If we can’t have Ben Walker… we really don’t want any of these people, either.
Aaron Tveit
Need yourself a preppy cousin? A handsome trickster? A secretly-crooked young lawyer? Aaron Tveit is your boy. If you’re looking for an Andrew Jackson, though, you best look elsewhere. Yes, he has a solar plexus of steel and a Robert-Redford-in-The-Candidate kind of semi-evil political glow about him, but his charm isn’t exactly vintage, nor does it run much deeper than his blemish-free skin. Really, though, Tveit is just way too straightforward for anything as twistily self-aware—and, gulp, smart—as Bloody Bloody Andrew Jackson. He’s like that guy Sandy dated to get back at Danny in Grease.
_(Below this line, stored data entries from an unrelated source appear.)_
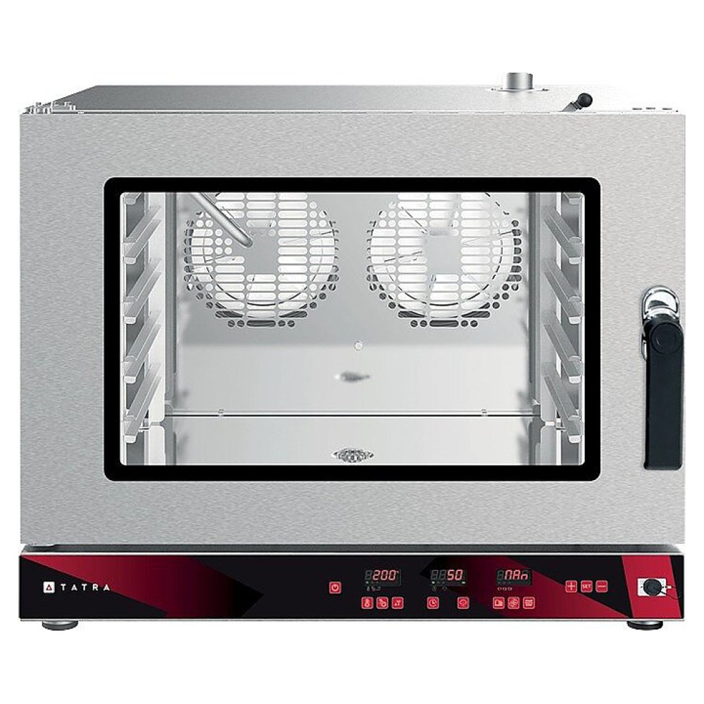 Пароконвектомат Tatra TC05M1L предназначен для обжаривания, приготовления на пару, бланширования, запекания и других видов тепловой обработки продуктов на предприятиях общественного питания и торговли. Модель оснащена электромеханической панелью управления и 2 реверсивными вентиляторами. Корпус и камера выполнены из нержавеющей стали, двойная дверь - из закаленного стекла.
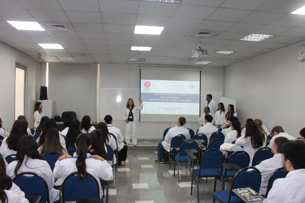 Con el objetivo de acercar tempranamente a los estudiantes al entorno hospitalario, alumnos de primer año de la carrera de Ingeniería Civil en BioMedicina de la Universidad del Desarrollo (UDD) realizaron su primera visita al Hospital Padre Hurtado (HPH), principal campo clínico de la Facultad de Medicina Clínica Alemana UDD.
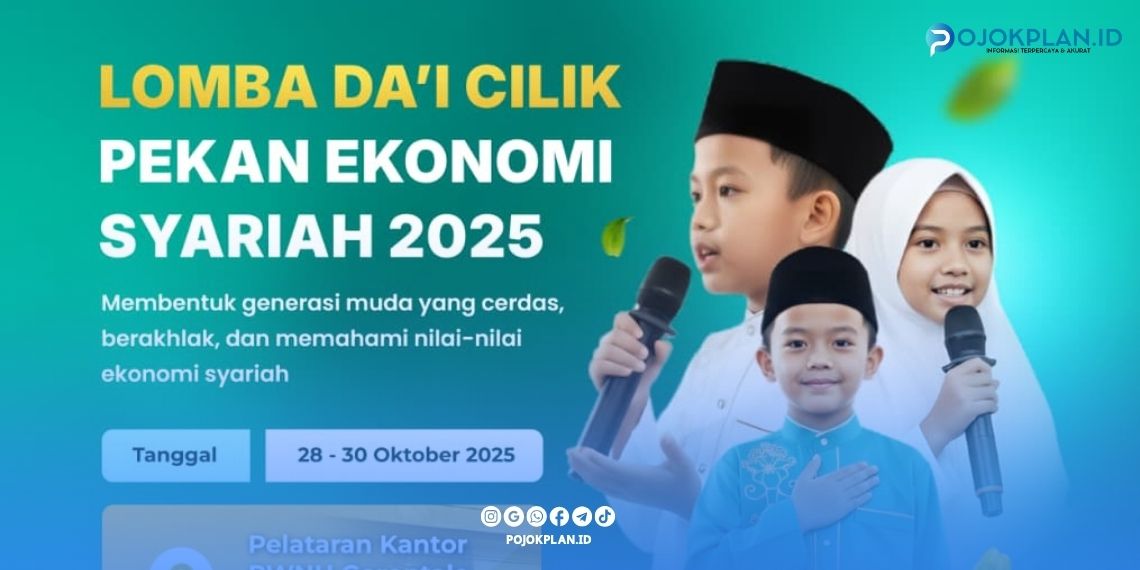 POJOKPLAN.ID, Gorontalo — Dalam rangkaian kegiatan Pekan Ekonomi Syariah (PES) 2025, Pengurus Wilayah Nahdlatul Ulama (PWNU) Gorontalo akan menggelar Lomba Da’i Cilik, sebuah ajang yang bertujuan untuk menumbuhkan semangat dakwah dan pemahaman nilai-nilai ekonomi syariah sejak usia dini.
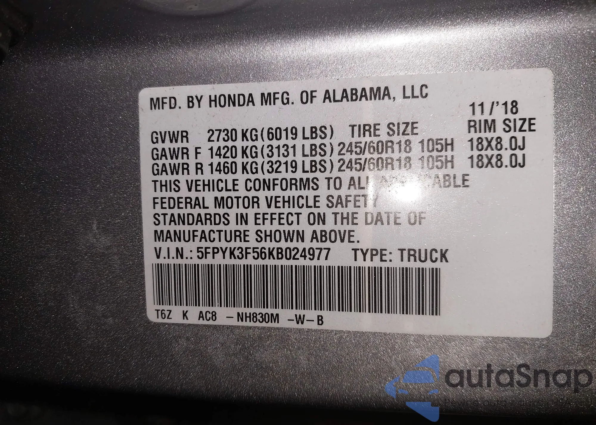 • VIN 5FPYK3F56KB024977
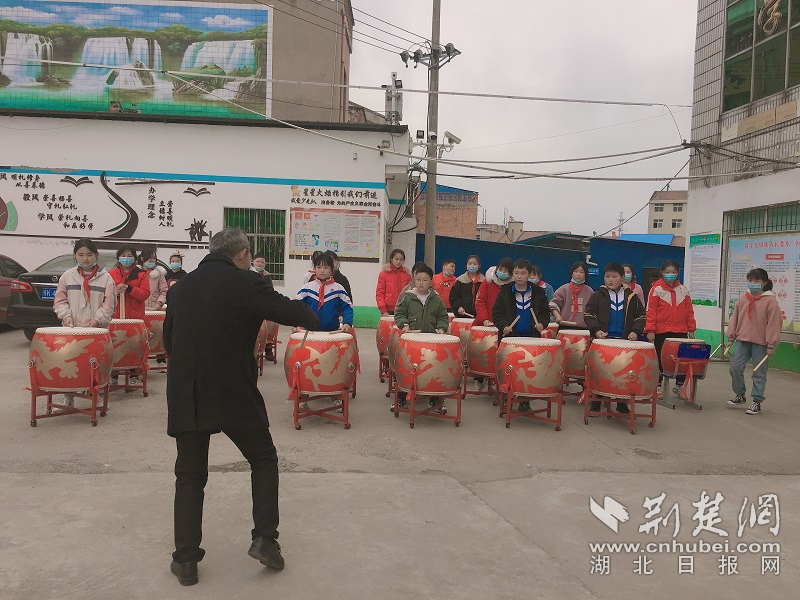 孩子们正在跟着老师学击打腰鼓。通讯员周蓓 摄

He’s cute, but in the end we’re craving someone with a little more substance.
Will Swenson
Obviously, we find Will Swenson irresistible (just like Audra McDonald does). He’s tall, dark and handsome, with piercing green eyes and the voice of a very loud, baritone angel. But despite these wonderful things, we don’t want Swenson going anywhere near our precious Andrew Jackson. This is partly because he’s no spring chicken and the whole conceit of Bloody Bloody is that Jackson is being portrayed as his inner petulant-teen. (Swenson was supposedly a teenager in Hair. But let’s be real, he looked much more like a super-super-super senior. In college.) Plus, Swenson may play big, doofy, loose-limbed comedy with ease, but Andrew Jackson couldn’t be any less doofy or rubbery if he tried and we wouldn’t have him any other way.
Will Chase
Yes, there’s something distinctly presidential about that wide-as-a-cinder-block forehead, and feel free to pull a fiver out of your wallet to compare. And if he got the role, he’d get to play his own age (in at least one act), which would be a nice departure. But there’s something about Chase’s rockstar insinuations that we still don’t quite buy. He played Roger in Rent and whatever that guy’s name was in High Fidelity—we’ve blocked it out—but Chase just seems like a standard, utterly traditional musical theater dude to us. And Andrew Jackson needs more edge than that. Look at it this way: In the musical of Will Chase’s life, he’d be played by Aaron Tveit. We’d buy a ticket on the probable chance that his shirt would come off, but we’d be pissed that we didn’t see Bloody Bloody Andrew Jackson instead.
Chad Kimball
I mean, maybe this could work? On some remote planet? Like Ben Walker, Kimball looks like a comic strip of himself in certain lighting, and there’s a waft of Young George Bush about him. But we’re still hung up on his performance in Memphis, where he seemed like he had a disease that made him walk and talk weird. It is so burned into our collective memory that we’re concerned that Kimball will somehow figure out how to make weird walking and weird talking part of every performance he ever gives. And for Andrew Fucking Jackson, that just won’t do.
Matt Cavenaugh
As anyone who sat in the front row at West Side Story will attest, there’s no denying that he’s got the body for Andrew Jackson’s quadricep-hugging britches and snug, bloody henley. But unfortunately for Cavenaugh, filling out the costume is only 36% of this role. The rest is about character—smart-mouthed, growly-emo-punk, frat president/lead singer character. And there is absolutely nothing about this earnest matinee idol that’s snarling enough or rockstar enough for Andrew Jackson. Cavenaugh should (and probably will) stick with Superman—a role perfectly suited to his muscles and his big, straight-toothed, clenched-jaw smile—and stay far away from our emocore Seventh President.